Here, we investigated the use of the stinky bean or Parkia speciosa Hassk. a plant indigenous to Southeast Asia including Indonesia [29]. It is reported that the stinky bean and its pods contain antioxidant, vitamin, oil and poly phenolic compounds. Traditionally, the stinky bean and its hull are used as an itch remedy. From previous research, the chemical composition of stinky bean pods includes active organic compounds such as flavonoids, saponins, and tannins. The phenolic content of BP extract was reported to be approximately 50–85 wt.%, and the flavonoid content is approximately 5–6 wt.% [30], [31], [32]. Due to the possible potency of BP, this study aimed to investigate the utilization of SB extract as reducing agent in Ag NPs synthesis. In addition, the effect of the use of MW and the concentration of BP extract on Ag NP characteristics was studied. Through the comparison with the formation without MW (aging method), the rate and profile of NPs are intensively discussed in light of their antibacterial activity against Escherichia coli, Staphylococcus aureus, and Pseudomonas aeruginosa. Considering green chemistry principles, simple extraction of the raw material was conducted by using water as solvent. The effect of parameter synthesis, the volume ratio of the SB extract to AgNO3 solution to the NPs formation, was also investigated.

Material and method

Materials

SBP extract was obtained from stinky beans cultivated in Sleman district, Yogyakarta Province, Indonesia. Identification of the stinky bean was performed by the Laboratory of Plant Taxonomy, Faculty of Biology, Gadjah Mada University. The empty BP samples were air dried before extraction. Ten grams of BP was refluxed in 100 mL water for 2 h to obtain the BP extract. Silver nitrate (AgNO3) (ACS reagent, ⩾99.0%) and Chloramphenicol (ACS reagent, ⩾99.0%) were purchased from Sigma Aldrich Co. (St. Louis, MO, USA), and E. coli, S. aureus, and P. aeruginosa were supplied by ATCC Company (Manassas, VA, USA) and stored at the Microbiology Laboratory, Department of Pharmacy, Universitas Islam Indonesia. Deionized water (produced by Integrated Laboratory, Universitas Islam Indonesia) was used throughout.
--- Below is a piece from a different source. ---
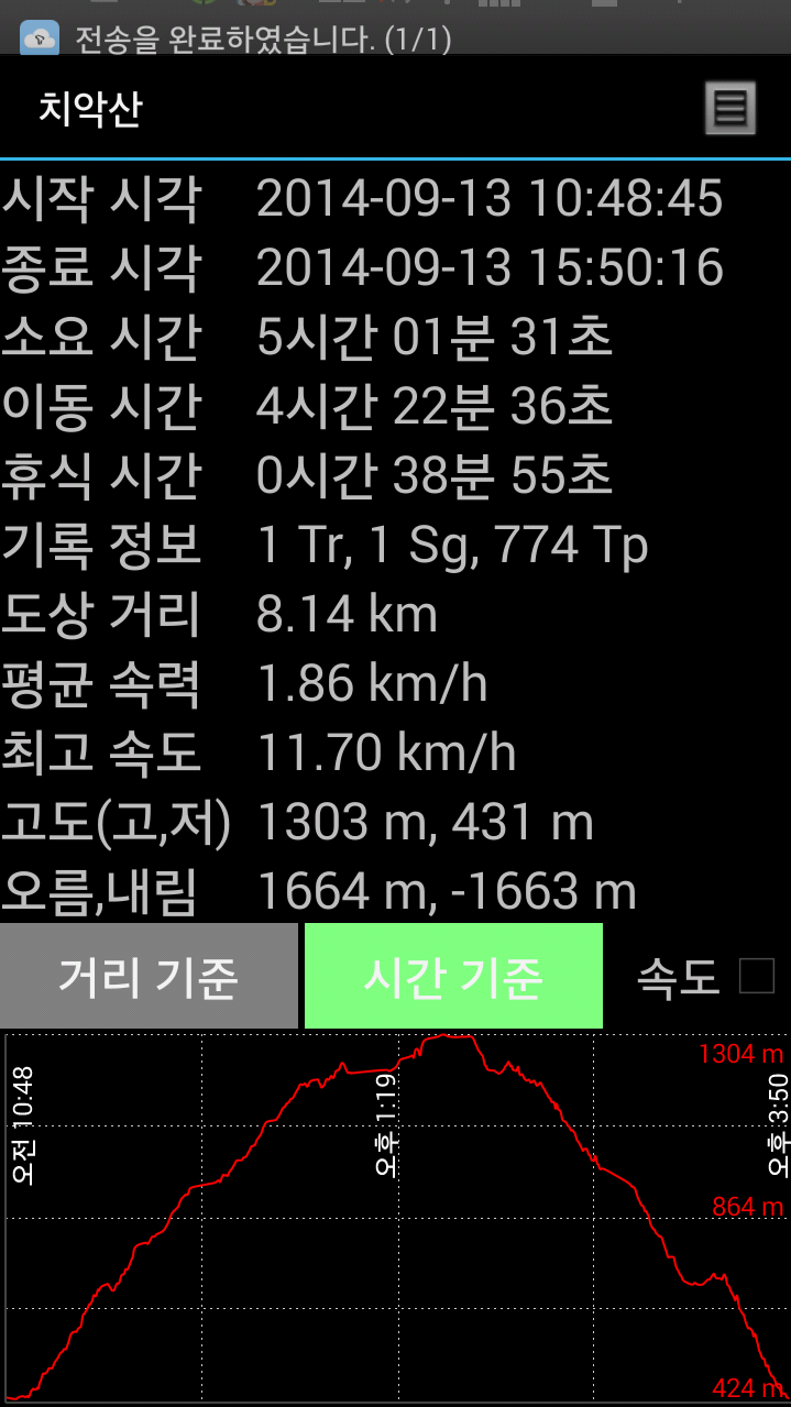 나들이 앱 GPS로 받은 높이는 1304m 되네요.

Synthesis of silver nanoparticles (Ag NPs)

Aqueous solution (10−3 M) of silver nitrate (AgNO3) was prepared in 250 mL Erlenmeyer flasks, and BP extract was added for reduction into Ag+ ions. The mixture was then heated in a microwave oven for complete bioreduction at a power of 300 W for 4 min. A commercial MW oven with a 2.45 GHz frequency was used. The color change of the SBP extract from light yellowish to reddish brown was recorded by UV–vis spectrophotometric analysis. As a comparison, the same mixture was prepared and aged for 24 h before being monitored using UV–vis spectrophotometry. For XRD and SEM analysis, the solution was filtered to yield fine particles to be thin filmed on the glass surface. The Ag NPs obtained from the microwave irradiation and aging methods are designated as Ag NPs-mw and Ag NPs-aging, respectively. In order to evaluate the effect of the volume ratio of the silver nitrate solution with respect to the BP extract on the particle size distribution and its antibacterial activity, the volume ratio in AgNPs-mw preparation was varied at 10:1, 20:1 and 40:1.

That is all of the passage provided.